Let \(\mathcal{Y}\) be the set of all Young functions \(\Phi\) such that, for any \(t\in(0,\infty)\), \(\Phi(t)\in(0,\infty)\). Assume that \(\mathcal{G}_1\) is the set of all functions \(\phi:\;[0,\infty)\to[0,\infty)\) such that \(\phi(t)\) is nondecreasing but \(\phi(t)/t\) is nonincreasing. Moreover, for any \(\Phi\in\mathcal{Y}\), let \(\mathcal{G}_2\) be the set of all functions \(\phi:\;[0,\infty)\to[0,\infty)\) such that \(\phi(t)\) is nondecreasing, but for any \(s\in(0,\infty)\), \(\phi((s+t)^n)/\Phi^{-1}(((s+t)/s)^n)\) is nonincreasing, where \(\Phi^{-1}\) denotes the inverse of \(\Phi\).
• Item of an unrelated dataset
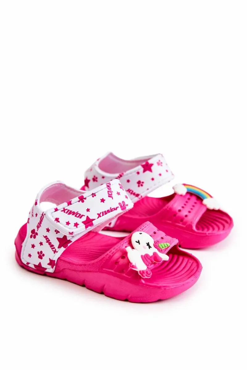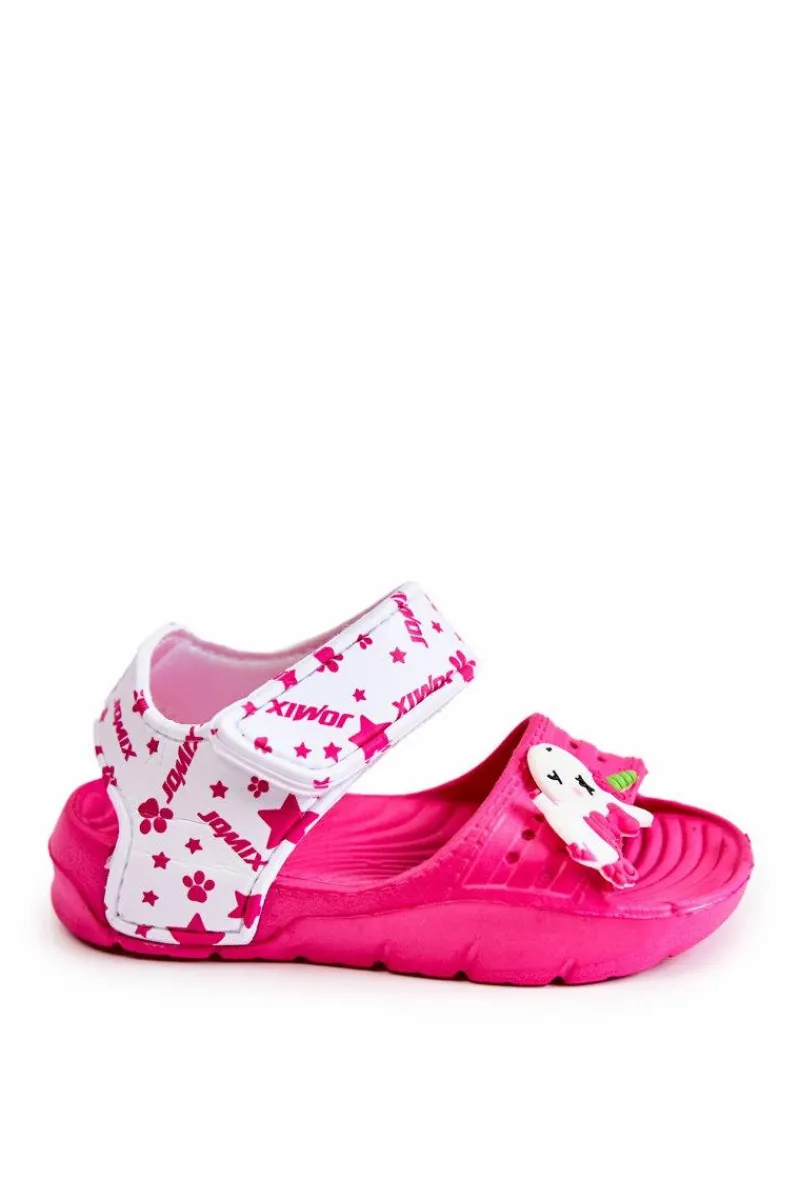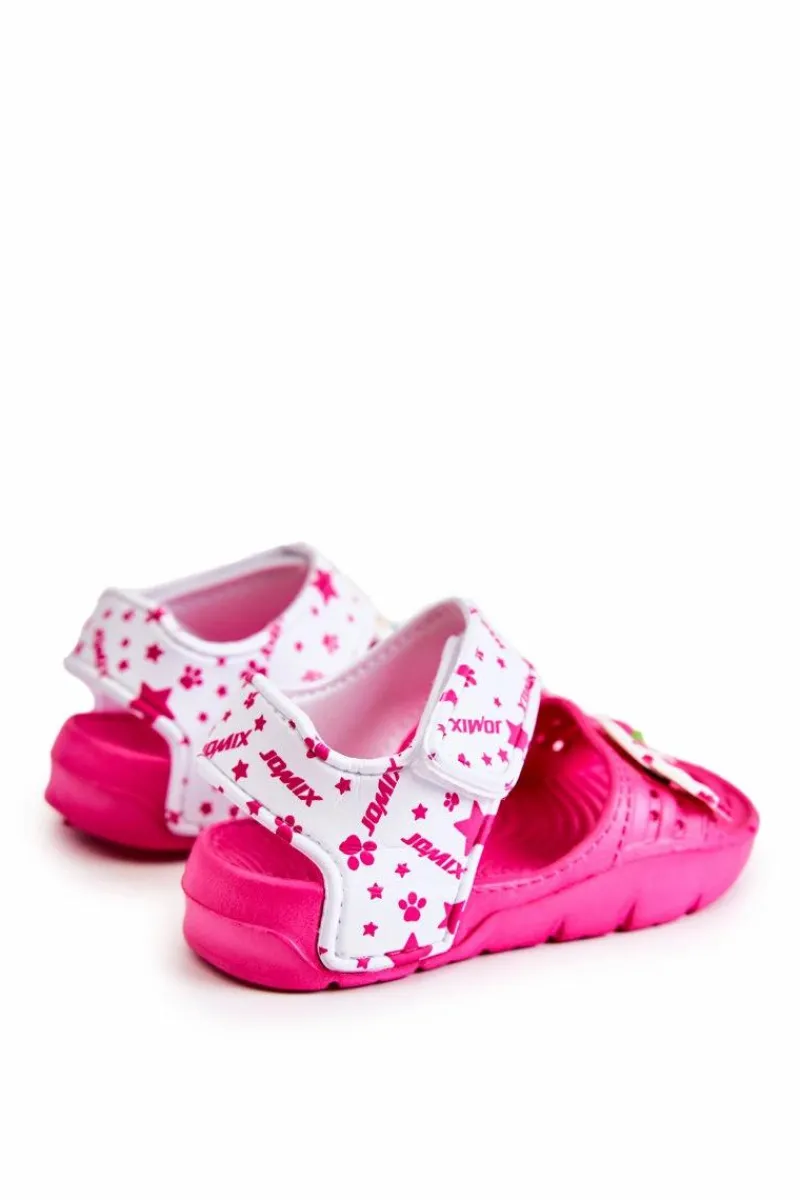 Niezwykle lekkie sandały dziecięce z odkrytym, okrągłym noskiem oraz odkrytą piętą. Wykonane z piankowego tworzywa, co daje gwarancje komfortu podczas długich spacerów. Zapinane na pasek z rzepem przy kostce. Kolorowe ozdoby na przodzie zostały wykonane z gumowego tworzywa. Koniecznie sprawdź całą naszą kolekcję dziecięcych sandałek! Przy wyborze rozmiaru prosimy sugerować się tabelą rozmiarów.

Let \(\Phi\in\mathcal{Y}\), \(\varphi\in\mathcal{G}_1\) and \(\phi\in\mathcal{G}_2\). Denote by \(\mathcal{Q}\) the family of all cubes in \(\mathbb{R}^n\) with sides parallel to the coordinate axes. For the cube \(Q\in\mathcal{Q}\) and the measurable function \(f\) on \(\mathbb{R}^n\), let \[ \|f\|_{(\varphi,\Phi);Q}:=\inf\left\{\lambda\in(0,\infty): \frac{\varphi(|Q|)}{|Q|}\int_Q \Phi\left(\frac{|f(x)|}{\lambda}\right)\,dx\leq1\right\}. \] Then the generalized Orlicz-Morrey space \(\mathcal{L}^{\varphi,\Phi}(\mathbb{R}^n)\) is defined to be the Banach space with the norm \[ \|f\|_{\mathcal{L}^{\varphi,\Phi}(\mathbb{R}^n)}:=\sup_{Q\in\mathcal{Q}}\|f\|_{(\varphi,\Phi);Q}. \] Furthermore, for \(Q\in\mathcal{Q}\) and the measurable function \(f\) on \(\mathbb{R}^n\), let \[ \|f\|_{\Phi;Q}:=\inf\left\{\lambda\in(0,\infty): \frac{1}{|Q|}\int_Q \Phi\left(\frac{|f(x)|}{\lambda}\right)\,dx\leq1\right\}. \] Then the generalized Orlicz-Morrey space \(\mathcal{M}_{\phi,\Phi}(\mathbb{R}^n)\) is defined to be the Banach space with the norm \[ \|f\|_{\mathcal{M}_{\phi,\Phi}(\mathbb{R}^n)}:=\sup_{Q\in\mathcal{Q}}\phi(|Q|)\|f\|_{\Phi;Q}. \]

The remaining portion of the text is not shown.